Les réunions, en revanche, dans un premier temps ont été tolérées. Nous nous
réunissions alternativement au local du PDP ou d’Ettakatol, pour discuter selon quatre
axes : le droit des femmes, le rapport de l’Etat et de la religion, le cas des châtiments
corporels dans le système pénal (le Hûdud), la liberté de conscience. C’était une
discussion introduite par un invité, par exemple Abdelmajid Charfi, Ayadh Ben
Achour… et les représentants des partis s’exprimaient et débattaient.
A partir d’un certain moment, les autorités ont interdit nos réunions et nous sommes
passés dans la clandestinité. Quand, malgré nos précautions, les autorités avaient
connaissance de nos réunions, la police déployait un dispositif énorme qui encadrait
tout un quartier pour en empêchait l’accès.

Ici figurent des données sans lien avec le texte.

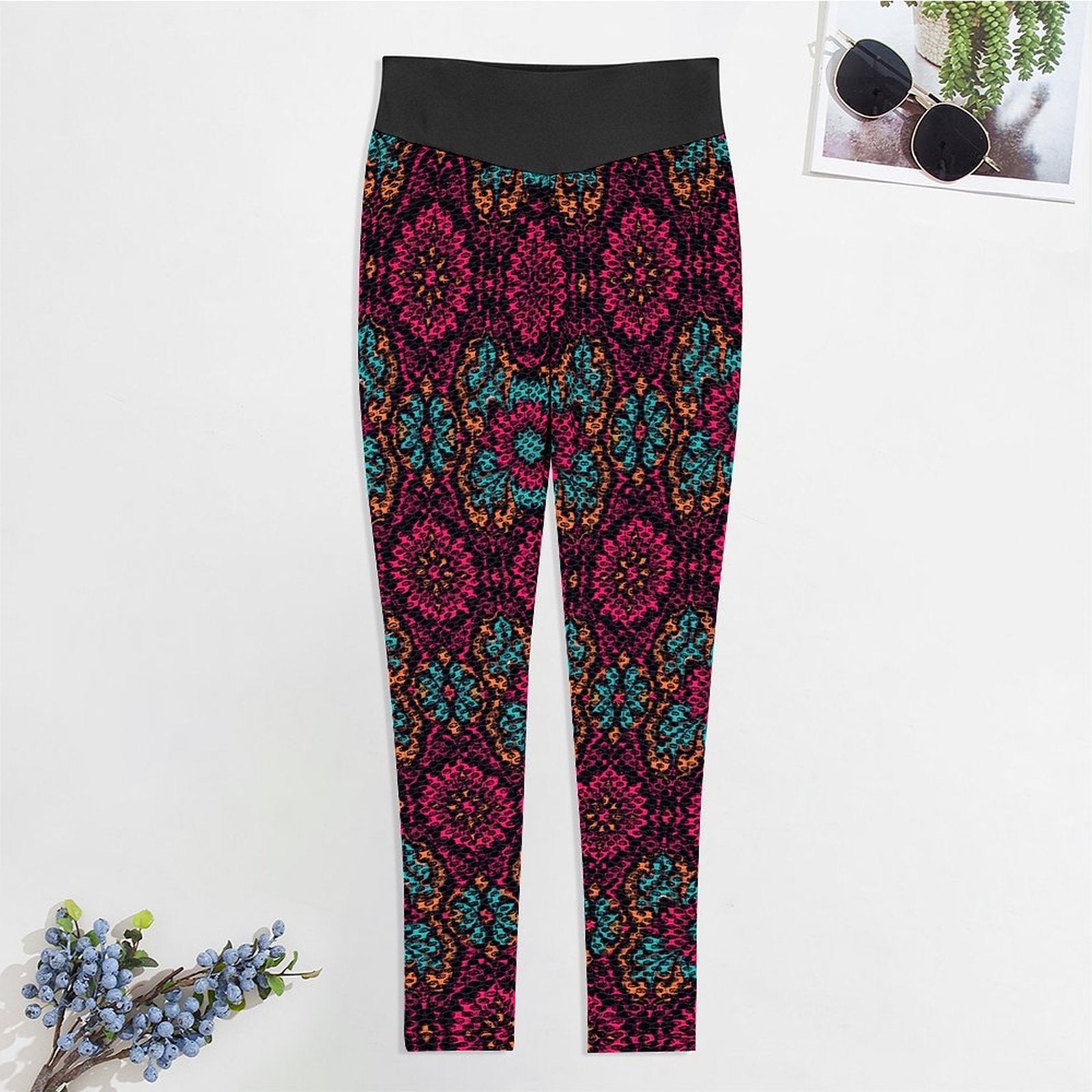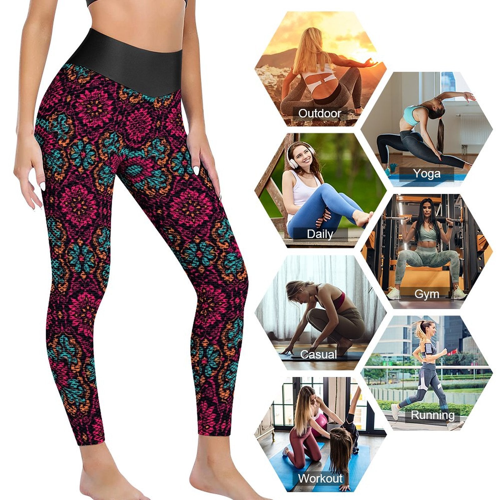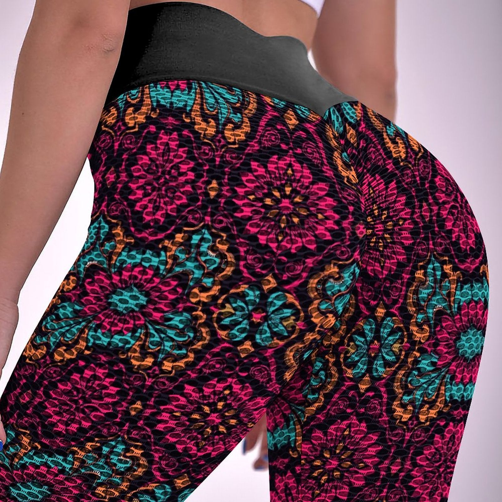 Munsieur Custom Printed Honeycomb Textured Yoga Leggings for Women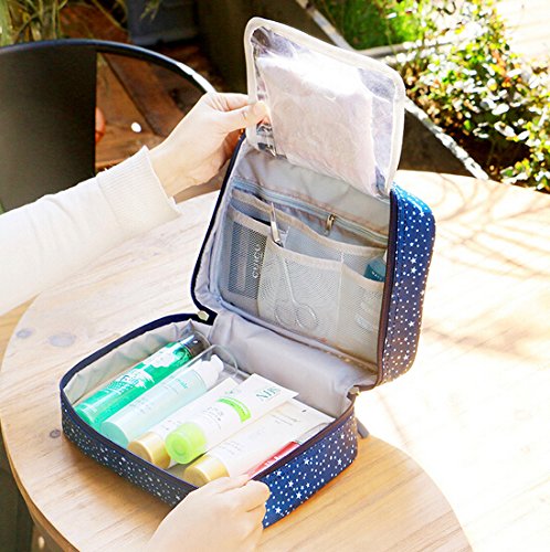 ONOR-Tech Portable Hanging Waterproof Large Capacity Travel Organizer Toiletry Wash Cosmetic Bag Makeup Storage Case Grooming Storage Bags (Dark Blue)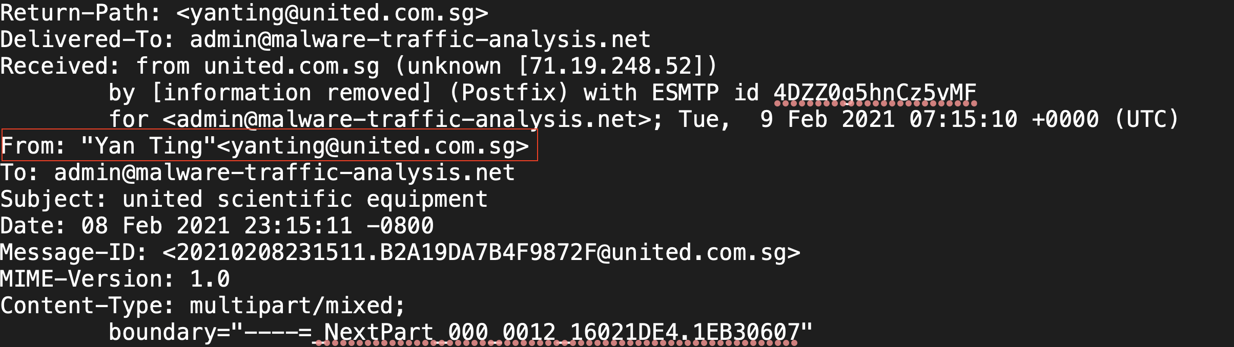 - What is the sending email address? yanting[@]united[.]com[.]sg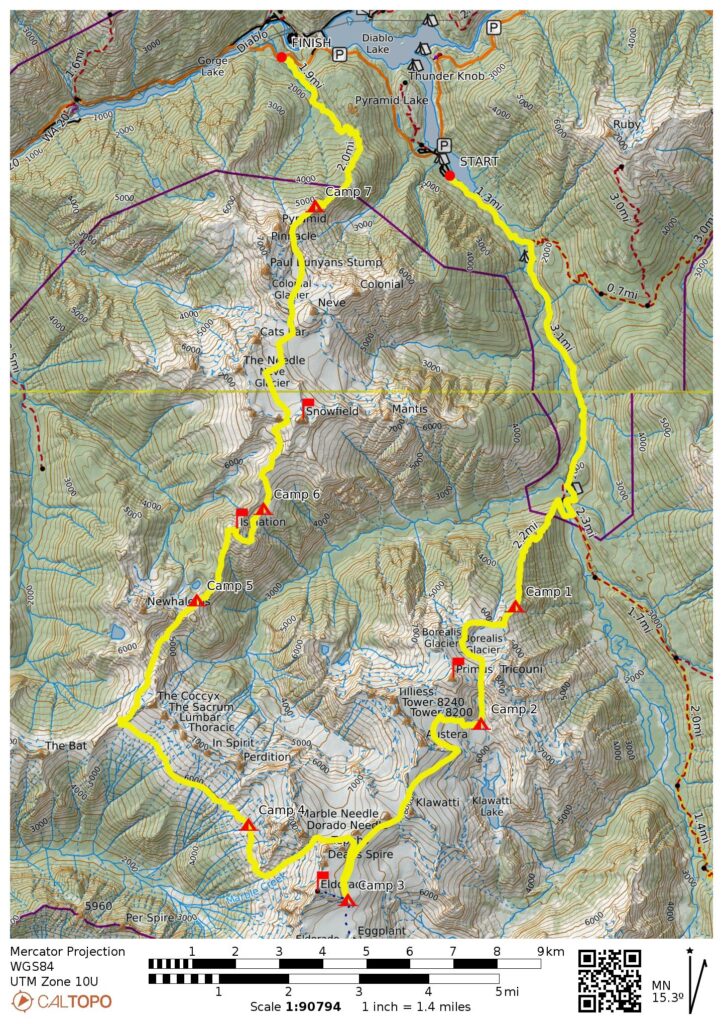 Campsites: Borealis Ridge step & North Klawatti Glacier moraine & East Eldorado Rib & Marble Creek slope & Wilcox Tarns & Isolation Lake knoll & Pyramid Ridge step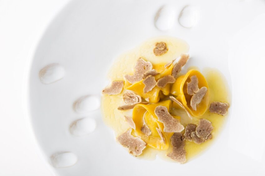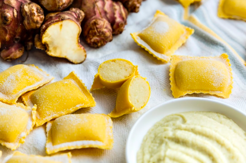 Continua il ciclo di eventi “Assoluto” del Pastificio Secondi, dedicato questa volta al topinambur. Nella giornata di domenica 8 marzo con il corso “Cuciniamolo insieme” al Pastificio si prepareranno due ricette: Raviolo assoluto di topinambur con baccalà sfogliato, cedro semiglassato, chips di tobinambur e pepe selvaggio del Madagascar (Emporio delle Spezie); Raviolo assoluto di topinambur con zucca in due consistenze, cardoncelli e dukkah (Emporio delle Spezie).
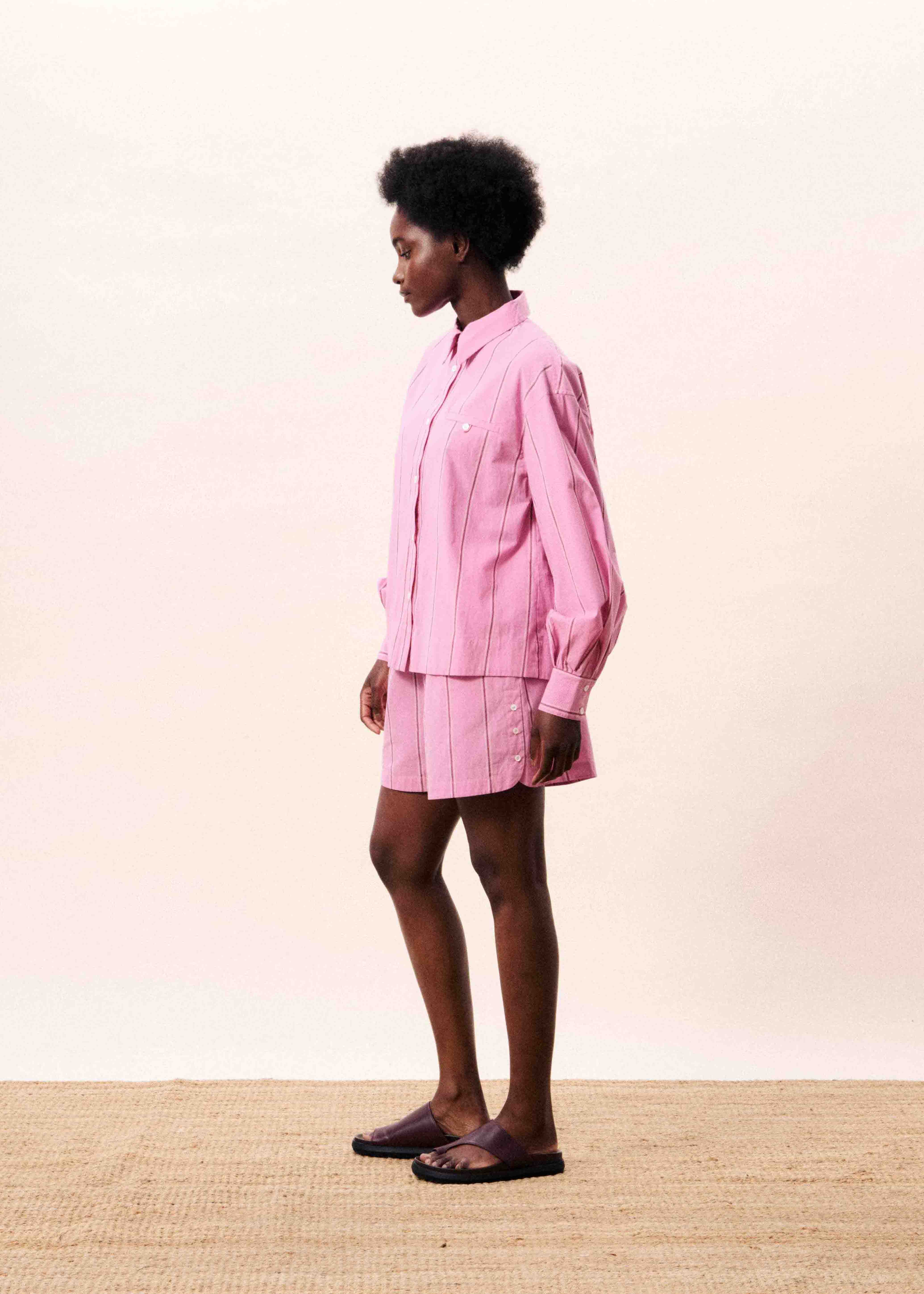 Oversized striped shirt with puff sleeves in pastel pink.

Nous sommes malgré tout parvenus à
élaborer des accords sur l’ensemble des points. abordés.
Les évolutions d’Ennahdha
C’est entre Ennahdha et les autres que les visions étaient les plus éloignées. Le
mouvement islamiste avait procédé un ajustement doctrinal dès 2003 aux rencontres
d’Aix en Provence, tenues à l’initiative de Moncef Marzouki, en vue, déjà, de constituer
un front politique. Les autres composantes de l’opposition n’y étaient pas favorables.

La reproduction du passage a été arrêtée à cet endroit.